By extending the theoretical and empirical underpinnings of storytelling’s impact on altruism, we aimed not only to confirm that storytelling changes people’s attitudes through being transported into the story and resonating with its characters and events, but also to explain how language can facilitate and impact those mechanisms. Narratives have the capacity to transport their receivers in time and space and allow them to go beyond their assumed roles by creating dynamic positions (McVee et al., 2021) capturing identity related to psychological, biographical and moral characteristics (L. Herman & Vervaeck, 2019). Such interdependent positioning within social relations (Pratten, 2023) forms a basis for (also altruistic) contributions. Charity organisations can actively participate in intentional, strategic positioning to facilitate achieving their goals (James, 2015) and practise storytelling to engage people in the prosocial causes they stand for, to encourage supporting behaviours (Kaczorowska et al., 2023). Individuals can use narratives to make their actions more purposeful and significant – both to themselves and others (van Langenhove, 2017) since stories can evoke altruistic behaviours through elevation experienced when witnessing others’ virtuous acts (Atkinson et al., 2019).

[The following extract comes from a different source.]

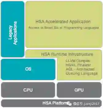 如图所示所见,中间件(即HSA Runtime Infrastructure)在驻留在单个系统中的不同类型的计算设备之间提供了一个抽象层。人们可以将其视为允许在CPU和GPU上运行相同程序的虚拟机。

We recognise the challenges of storytelling in the prosocial context and that people may be reluctant to act altruistically (Vu & Molho, 2025) or be driven by extrinsic motivators like practicality or personal gain (Nuttall et al., 2025). However, altruism should be regarded as potential preferences, dispositions (Folbre & Goodin, 2004) and both nature and nurture are responsible for the extent and expression of altruism. This creates an opportunity for not-for-profit organisations to use the power of storytelling to evoke altruistic motivations effectively, as shown in our study. To benefit from such intentions, charities can go a step further and create conditions conducive to the real behavioural expression (D. S. Wilson et al., 2007), for example, through increasing transparency of the impact or reducing costs of altruistic choices (Vu & Molho, 2025). Evoking and respecting people’s altruism without exploiting it is a strategy worth pursuing (Folbre & Goodin, 2004), especially given the potential long-term effects of narratives on attitudes (Oschatz & Marker, 2020).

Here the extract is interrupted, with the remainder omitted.